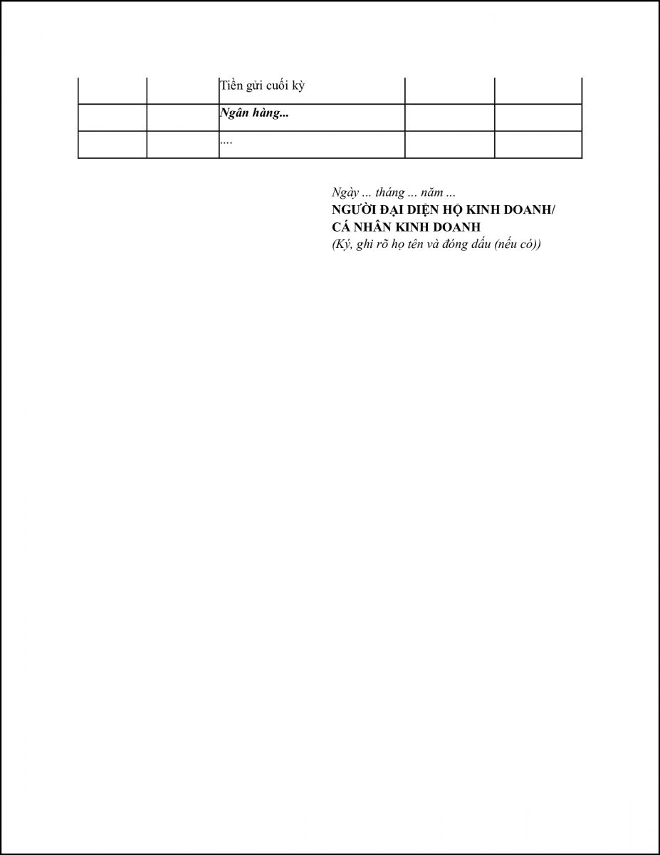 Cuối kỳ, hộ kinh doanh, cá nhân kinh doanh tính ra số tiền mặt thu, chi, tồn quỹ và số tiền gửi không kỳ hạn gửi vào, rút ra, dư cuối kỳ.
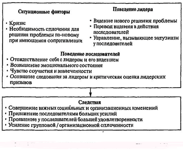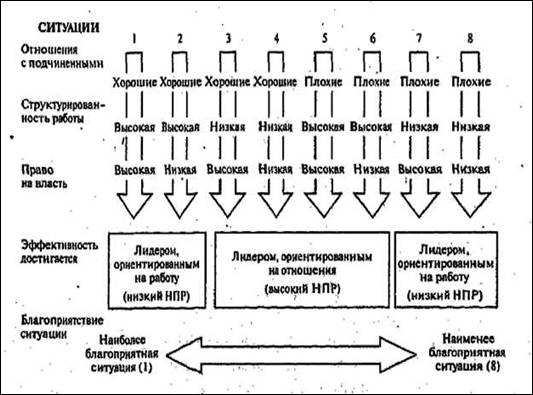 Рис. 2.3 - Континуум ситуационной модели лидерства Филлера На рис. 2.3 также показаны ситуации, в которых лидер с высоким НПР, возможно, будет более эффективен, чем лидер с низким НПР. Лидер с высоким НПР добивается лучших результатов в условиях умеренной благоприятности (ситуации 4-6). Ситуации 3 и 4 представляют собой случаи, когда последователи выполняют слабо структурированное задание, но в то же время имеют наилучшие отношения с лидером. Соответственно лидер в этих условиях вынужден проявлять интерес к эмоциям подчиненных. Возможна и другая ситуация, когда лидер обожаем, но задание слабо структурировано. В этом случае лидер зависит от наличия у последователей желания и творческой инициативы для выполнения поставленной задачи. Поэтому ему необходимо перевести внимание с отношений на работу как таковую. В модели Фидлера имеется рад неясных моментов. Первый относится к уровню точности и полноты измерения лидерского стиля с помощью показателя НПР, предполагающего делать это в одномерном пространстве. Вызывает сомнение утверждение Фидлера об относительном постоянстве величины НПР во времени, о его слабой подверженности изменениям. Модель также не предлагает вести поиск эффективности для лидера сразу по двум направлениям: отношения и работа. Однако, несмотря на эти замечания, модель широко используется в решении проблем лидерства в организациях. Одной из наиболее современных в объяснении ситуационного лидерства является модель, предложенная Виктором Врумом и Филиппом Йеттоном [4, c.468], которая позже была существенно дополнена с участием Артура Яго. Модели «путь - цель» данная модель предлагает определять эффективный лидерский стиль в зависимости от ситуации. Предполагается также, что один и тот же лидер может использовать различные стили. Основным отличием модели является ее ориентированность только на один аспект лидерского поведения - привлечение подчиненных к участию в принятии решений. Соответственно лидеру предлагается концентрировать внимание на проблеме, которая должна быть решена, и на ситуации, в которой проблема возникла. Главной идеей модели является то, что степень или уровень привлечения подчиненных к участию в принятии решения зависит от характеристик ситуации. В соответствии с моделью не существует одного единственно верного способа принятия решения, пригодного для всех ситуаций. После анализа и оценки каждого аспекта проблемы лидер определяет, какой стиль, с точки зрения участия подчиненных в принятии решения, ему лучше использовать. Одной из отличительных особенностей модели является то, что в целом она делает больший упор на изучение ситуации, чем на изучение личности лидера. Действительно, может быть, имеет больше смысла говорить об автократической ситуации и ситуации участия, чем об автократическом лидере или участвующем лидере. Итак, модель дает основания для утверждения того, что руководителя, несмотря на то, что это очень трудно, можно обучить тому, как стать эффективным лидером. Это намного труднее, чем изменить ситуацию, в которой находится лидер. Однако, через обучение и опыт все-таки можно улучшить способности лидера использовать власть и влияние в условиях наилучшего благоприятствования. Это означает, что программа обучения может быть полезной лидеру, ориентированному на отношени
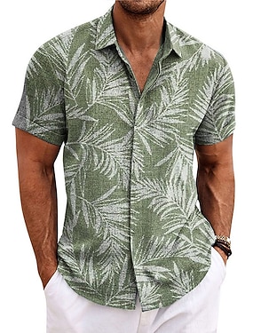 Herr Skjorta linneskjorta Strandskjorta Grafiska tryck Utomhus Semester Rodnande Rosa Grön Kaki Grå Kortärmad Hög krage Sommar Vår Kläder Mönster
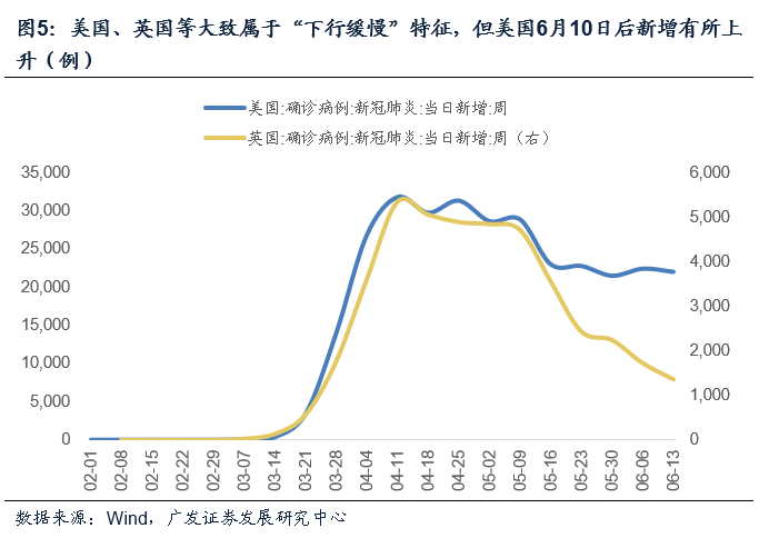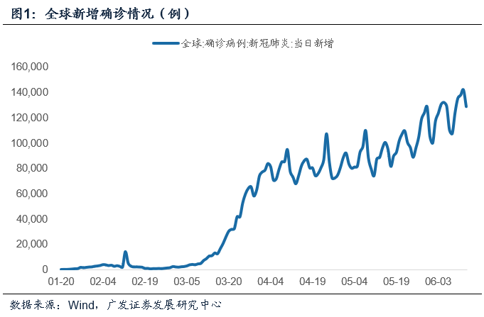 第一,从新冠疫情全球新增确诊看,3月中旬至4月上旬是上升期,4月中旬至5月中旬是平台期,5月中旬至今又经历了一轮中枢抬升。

Problem - All lines from the line with "Herr Skjorta linneskjorta" through the final line of the listing are to be printed exactly, both ends included; the pictures are not.

Output below -
 Herr Skjorta linneskjorta Strandskjorta Grafiska tryck Utomhus Semester Rodnande Rosa Grön Kaki Grå Kortärmad Hög krage Sommar Vår Kläder Mönster
 第一,从新冠疫情全球新增确诊看,3月中旬至4月上旬是上升期,4月中旬至5月中旬是平台期,5月中旬至今又经历了一轮中枢抬升。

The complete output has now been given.